CouchDB’s revision history, often seen as a complex maze of _rev values, is actually a core mechanism for its eventual consistency and conflict resolution.
Let’s see it in action. Imagine we have a document representing a user profile.
{
"_id": "user_alice",
"_rev": "1-a1b2c3d4e5f678901234567890abcdef",
"name": "Alice",
"email": "alice@example.com"
}
Now, Alice updates her email. CouchDB doesn’t overwrite the old document; it creates a new revision.
{
"_id": "user_alice",
"_rev": "2-9876543210fedcba09876543210fedcba",
"name": "Alice",
"email": "alice.smith@example.com"
}
The _rev is a cryptographic hash. The first part (1-, 2-) is the revision number, and the second part is the hash of the document’s content plus the previous revision’s hash. This creates a linked list of changes. If two clients edit the same document simultaneously, CouchDB will detect a conflict.
{
"_id": "user_alice",
"_rev": "3-abcdef1234567890abcdef1234567890ab",
"name": "Alice",
"email": "alice.smith@example.com"
}
And on another replica:
{
"_id": "user_alice",
"_rev": "3-0987654321fedcba09876543210fedcba",
"name": "Alice Smith",
"email": "alice.smith@example.com"
}
Notice the _rev values are different at the beginning of the hash (abcdef... vs 098765...). This indicates a conflict. CouchDB doesn’t automatically resolve this; it stores both versions and flags them. Your application logic then needs to decide which version is the "winner" or merge them. When you update a document that has conflicts, you must specify which winning revision you are basing your update on.
The problem this solves is maintaining data integrity and availability in a distributed, eventually consistent system. By tracking every change as a new revision, CouchDB can reconstruct the history of a document, detect and present conflicts, and ensure that all nodes eventually agree on the state of the data. The _rev is your guarantee of "what version of this document am I looking at?" and "is this the most up-to-date version based on what I know?".
The default behavior is to keep all revisions forever. This is great for auditing and conflict resolution, but it can lead to massive disk usage. CouchDB provides a mechanism to prune old revisions. You can tell CouchDB to keep only a certain number of the most recent revisions for each document.
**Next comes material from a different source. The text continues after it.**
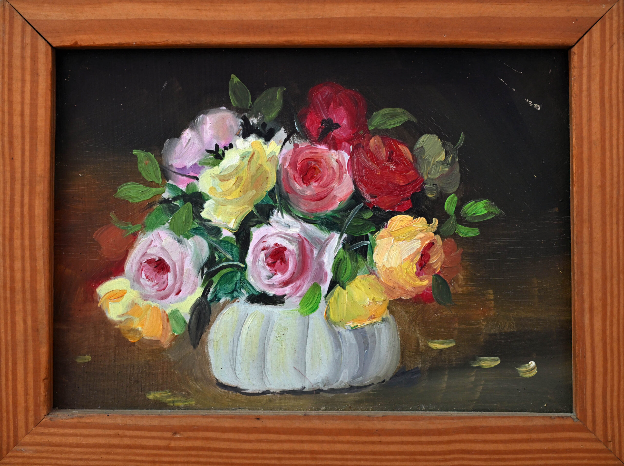 A bouquet of roses bursts from a white vase, each bloom painted with tender attention to color and form. Red, pink, yellow, and white petals glow against a dark background, their vibrancy heightened by contrast. The composition is classic yet emotive, celebrating nature’s elegance through soft brushwork and balanced arrangement. This still life whispers of beauty preserved—fleeting, fragrant, and timeless.

The command to initiate pruning is a POST request to the _revs_cleanup endpoint of your database. For example, to clean up a database named my_app_db and keep only the 100 most recent revisions for each document:
curl -X POST "http://localhost:5984/my_app_db/_revs_cleanup" \
-H "Content-Type: application/json" \
-d '{"new_edits": false}'
Wait, that’s not right. The _revs_cleanup endpoint doesn’t actually do the pruning. It’s a bit of a misnomer. What _revs_cleanup actually does is trigger a background process that Compacts the database. The compaction process is what removes old revisions. The new_edits: false flag is a bit of a red herring here; it’s more relevant to compaction of view indexes. For pruning document revisions, you don’t typically need to specify anything special for _revs_cleanup itself. The real control over pruning happens via the _config API, specifically the [couchdb] section’s max_revs_per_doc setting.
To set the maximum number of revisions per document to 100 database-wide, you’d use:
curl -X PUT "http://localhost:5984/_config/couchdb/max_revs_per_doc" \
-H "Content-Type: application/json" \
-d '"100"'
After setting this configuration, you then run _revs_cleanup to trigger the compaction that will enforce this limit on existing documents.
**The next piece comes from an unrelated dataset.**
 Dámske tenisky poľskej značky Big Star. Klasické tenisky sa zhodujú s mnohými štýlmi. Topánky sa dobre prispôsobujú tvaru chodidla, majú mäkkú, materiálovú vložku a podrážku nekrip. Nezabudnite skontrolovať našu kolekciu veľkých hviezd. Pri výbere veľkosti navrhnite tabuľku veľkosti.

curl -X POST "http://localhost:5984/my_app_db/_revs_cleanup"
Once this compaction runs, CouchDB will start discarding revisions older than the max_revs_per_doc limit. You can monitor the progress of compaction via the /_active_tasks endpoint.
The most surprising thing is that even after you set max_revs_per_doc, CouchDB doesn’t immediately delete old revisions. It marks them for deletion, and they are only physically removed from disk during a compaction process. This means that even after setting the configuration and triggering a cleanup, you might not see an immediate disk space reduction until the next full database compaction completes.
The next thing you’ll likely run into is understanding how view compactions interact with document compactions and the impact on disk I/O.